За жаром вчерашним, который уже пеплом подернулся за ночь, первым полез Дюла Хорват, но куда ловчей того дуралея римлянина, Муция Сцеволы (ты читала, наверное, о нем в «Истории» Гвадани *). Тот собственную руку в чужие уголья сунул, — нет чтоб свои раздуть да в чужие руки сунуть.
Хорват не сделал ни того, ни другого. Он просто разгреб пепел, чтоб уважаемые депутаты увидели уголья, которые тут же закраснелись и начали потрескивать.
А потом как дунет в костер, и весь пепел и зола прямо Векерле в лицо полетели.
Но граф Тивадар Андраши своими репликами, а мамелюки ерзаньем и роптаньем заслон скорее устроили.
Сам Векерле выступал примирительно, но с достоинством, не защищаясь, а объясняя свою позицию.
Тлевшие на поверхности искры понемногу стали гаснуть; но встал Хоранский, чиркнул серной спичкой, и опять вспыхнуло пламя.

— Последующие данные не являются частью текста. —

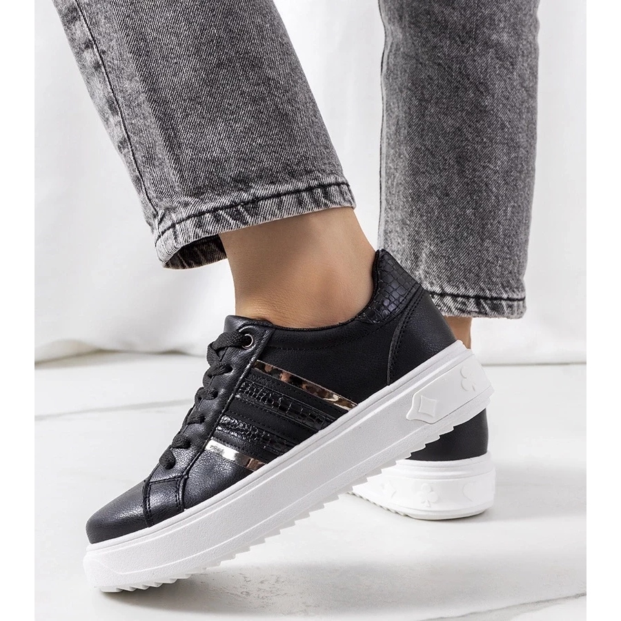 Fabriqués en matériau de haute qualité, les tiges adhèrent parfaitement au pied, garantissant le confort de porter toute la journée. Une application de chaîne décorative graisseuse est un véritable succès de cette saison, ce qui ajoute un caractère unique aux chaussures. Les baskets correspondent à de nombreuses tenues - du décontracté à plus élégant, ce qui en fait un élément universel de vêtements.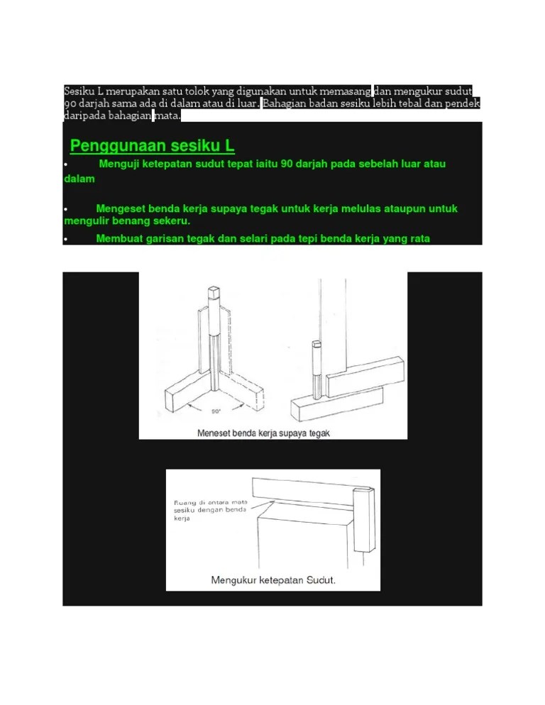 Jenis alatan tangan dan fungsinya. Contextual translation of sesiku l english into english. Sesiku l ialah sejenis alat pengukuran yang digunakan untuk menguji sesuatu permukaan bersudut tepat dan kerataan permukaan kayu, serta menguji kepersegian . Gergaji potong dan sesiku l latest fixed flip ebook pages 1 49 . 1 betul 2018 06 08 tanda bagi fungsi sesiku l yang betul dan x bagi yang.

— Премьер-министр прибегнул к выражениям, недопустимым в приличном обществе, — заявил он.
Мамелюки так и ахнули. «К порядку!», «К порядку!» — раздались восклицания. Беспокойство, шум прокатились по залу. Председательский колокольчик плакал-заливался, призывая к тишине.
Хоранскому долго не давали говорить. Наконец, подбоченясь надменно, как королевский герольд, он возвестил в заключение своей речи поход всех против всех…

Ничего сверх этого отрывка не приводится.